Updated April 2, 2018 - 4:22 am

AURORA, Colo. — It has been almost six years. Long, dark years.

But here at this dirt lot about a mile from the Century Aurora 16 theater, where 12 people and one unborn baby were ripped from existence the summer of 2012, the sun is on the horizon.

Come July, this plot of land — which is strategically surrounded by a grassy berm so the nearby theater is not visible — will become the Aurora mass shooting memorial. There is still much work to be done: Flowers have yet to be planted, paper-crane sculptures have yet to be installed.

But the plan is in place.

Everything is running according to schedule.

And already, at this spot, it is once again possible for the grieving in this Colorado community to fill their lungs with air without a fight. To pause, reflect and exhale. Because peace seems possible here. Finally.

* * *

It has been just six months since a sniper on the Strip killed 58 concertgoers and wounded hundreds more on the final night of the Route 91 Harvest festival.
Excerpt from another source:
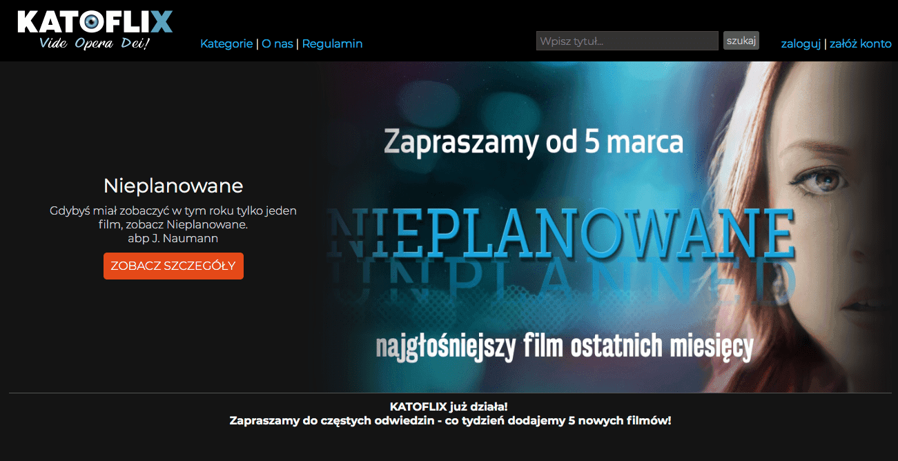 Jeden z filmów, który możemy znaleźć na Katoflixie, to "Nieplanowane". Jego polska premiera odbyła się jesienią 2019 roku i wzbudziła gniew wiele osób. Przed pokazem 6 listopada w Łodzi odbyła się demonstracja organizacji Dziewuchy Dziewuchom. Nad filmem patronat objął Episkopat Polski, produkcja otrzymała też nagrodę Prezydenta RP w kategorii „Film, który zmienia życie”.

The grief is still fresh. The pain still pulses. And judging by the accounts of at least seven different communities that have each experienced similar mass violence, it is probably too early to start planning a permanent memorial.
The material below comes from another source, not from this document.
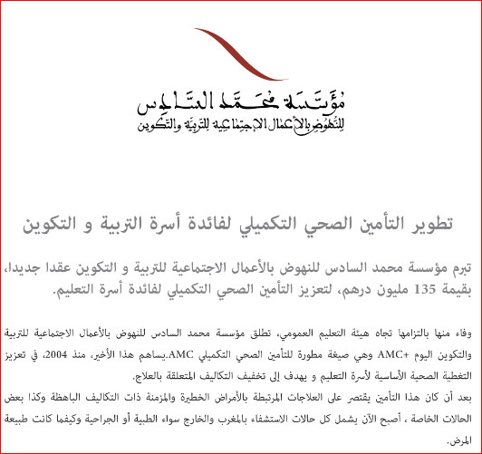 بشرى لأسرة التعليم …. مؤسسة محمد السادس تطلق تغطية صحية تكميلية

“Everybody thinks, ‘You’ve got to do a memorial, do it fast,’” Lora Knowlton, a founding member of the Columbine Memorial Foundation, told the Las Vegas Review-Journal. “Ultimately our advice is: go slow.”

The Columbine High School shooting memorial took about eight years to plan, construct and dedicate. And it didn’t happen without an initial, colossal failure.

That failure took place in a public library near the school, several months after the 1999 shooting, which claimed the lives of 12 students and one teacher.

There, Knowlton and a few others presented the families of the victims with three different design concepts for a possible Columbine memorial, created with the help of a local landscaping firm.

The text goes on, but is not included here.